Supplied records:
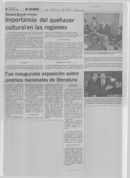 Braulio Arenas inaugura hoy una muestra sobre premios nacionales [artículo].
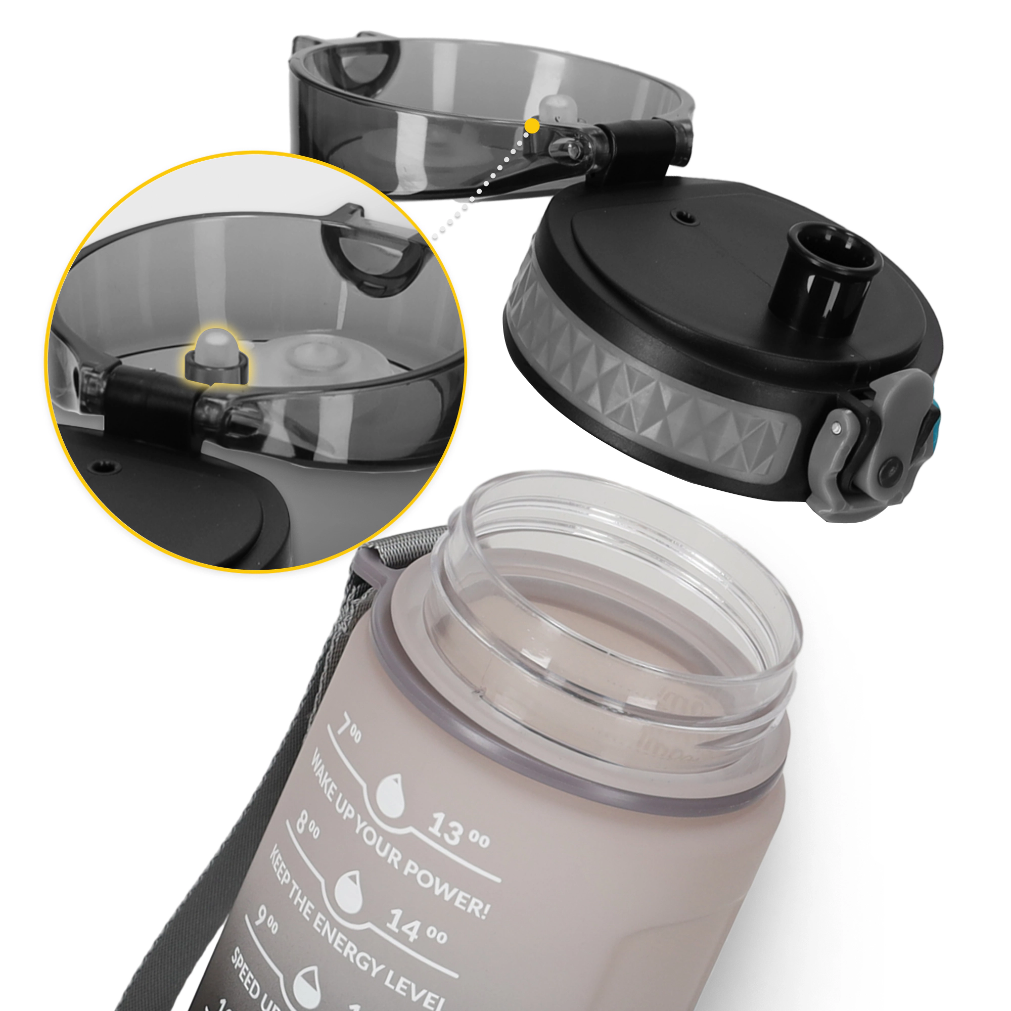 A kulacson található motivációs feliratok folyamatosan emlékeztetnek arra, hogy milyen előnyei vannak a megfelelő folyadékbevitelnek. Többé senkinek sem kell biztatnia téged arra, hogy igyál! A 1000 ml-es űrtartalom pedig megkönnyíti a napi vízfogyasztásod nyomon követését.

---

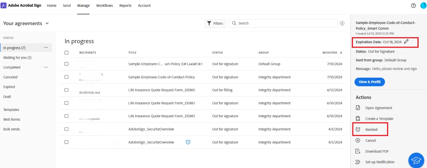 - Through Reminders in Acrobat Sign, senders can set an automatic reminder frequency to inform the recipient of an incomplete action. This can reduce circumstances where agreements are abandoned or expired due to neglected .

--

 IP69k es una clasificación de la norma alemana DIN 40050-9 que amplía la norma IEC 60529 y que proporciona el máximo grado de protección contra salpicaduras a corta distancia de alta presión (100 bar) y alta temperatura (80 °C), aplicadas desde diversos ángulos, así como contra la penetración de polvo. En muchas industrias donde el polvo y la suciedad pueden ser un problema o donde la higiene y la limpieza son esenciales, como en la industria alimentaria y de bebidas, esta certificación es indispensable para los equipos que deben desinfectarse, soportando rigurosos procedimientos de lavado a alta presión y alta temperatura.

Exercise directions: Reproduce the data above exactly, but only from the line containing "Braulio Arenas inaugura" through the line containing "A kulacson található". Omit all pictures.

Answer to the problem:
 Braulio Arenas inaugura hoy una muestra sobre premios nacionales [artículo].
 A kulacson található motivációs feliratok folyamatosan emlékeztetnek arra, hogy milyen előnyei vannak a megfelelő folyadékbevitelnek. Többé senkinek sem kell biztatnia téged arra, hogy igyál! A 1000 ml-es űrtartalom pedig megkönnyíti a napi vízfogyasztásod nyomon követését.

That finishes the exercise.